For entrepreneurs looking to expand into emerging markets, I recommend a strategic focus on countries with robust economic fundamentals and stable debt profiles. Access to credit can be severely constrained in debt-distressed economies, and currency volatility can erode profits. Conversely, resilient EM economies offer growing consumer bases and improving infrastructure, presenting fertile ground for new ventures. For instance, China invested $53 billion in Brazil alone in 2025, and $50 billion in other Latin American countries since 2020, supporting trade corridors and commodity supply relationships.

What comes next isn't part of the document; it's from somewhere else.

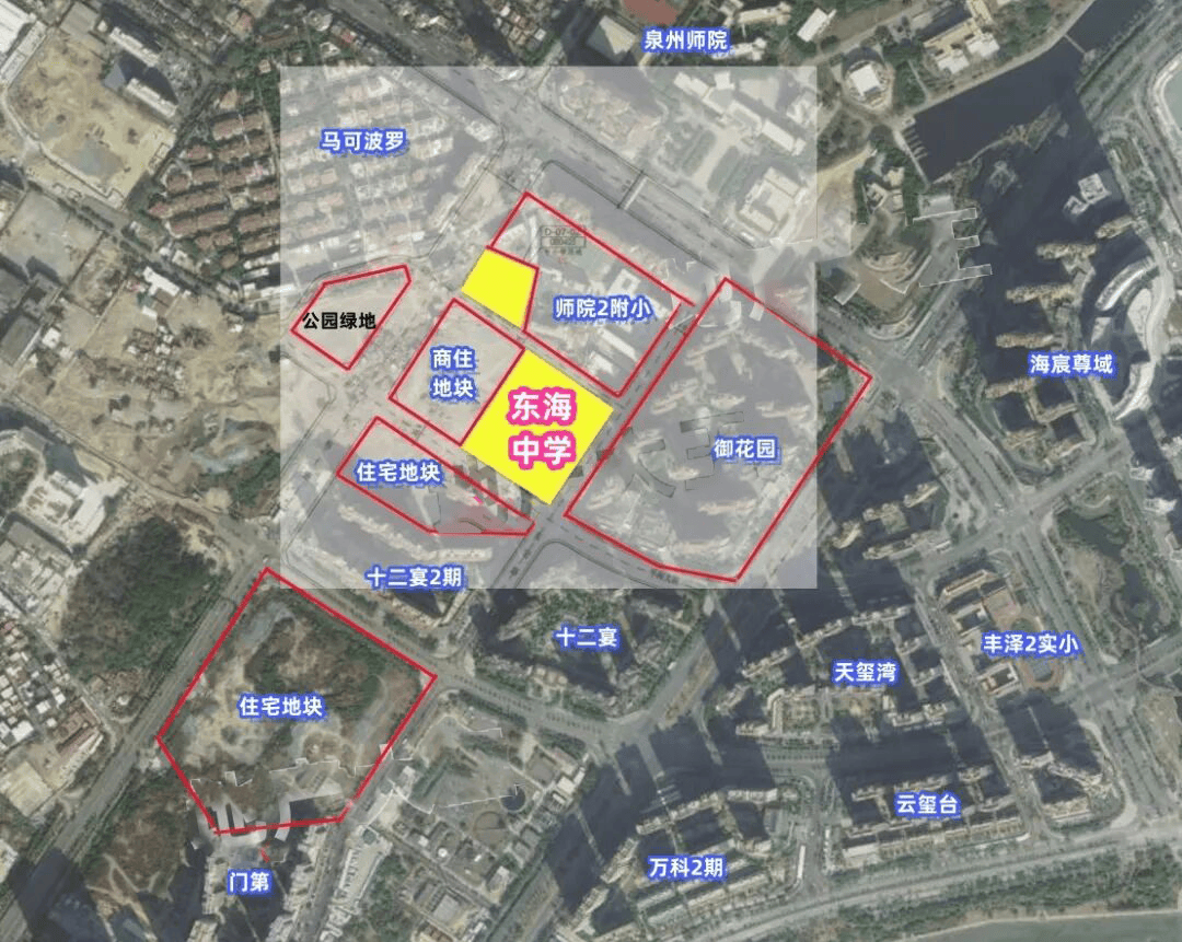 东海中学新校区:早在2020年,有东海海韵山居业主表示,小区旁边的地块已被市政府地划拨为学校用地。2023年,丰泽教育局回复在十四五教育项目建设规划中,安排东海中学新校区项目,该项目计划于2025年建设。2024年2月,泉州市丰泽区教育局作出详细回答:东海中学新校区、宝珊小学的建设已列入丰泽区“十四五”教育专项规划。

For professionals in economics, finance, and policymaking, I see an urgent need for innovative solutions to global debt challenges. This includes pushing for greater transparency in lending from all creditors, especially China, and strengthening multilateral debt restructuring frameworks beyond the G20 Common Framework. I believe that proactive debt management, early warning systems for vulnerable economies, and robust financial sector oversight are paramount to preventing localized crises from escalating into broader systemic risks. Addressing the climate-debt nexus also requires integrating climate resilience into financial planning and exploring new financing mechanisms for adaptation in vulnerable countries.
Bottom Line
While 2025 brought a welcome surge in emerging market debt performance, I firmly believe that this masks a deepening crisis in many vulnerable EMDEs, driven by high interest payments, complex creditor dynamics, and the compounding impact of climate change. The market is clearly bifurcated, and I see that a selective and highly discerning approach is essential for navigating the opportunities and significant risks within this crucial asset class.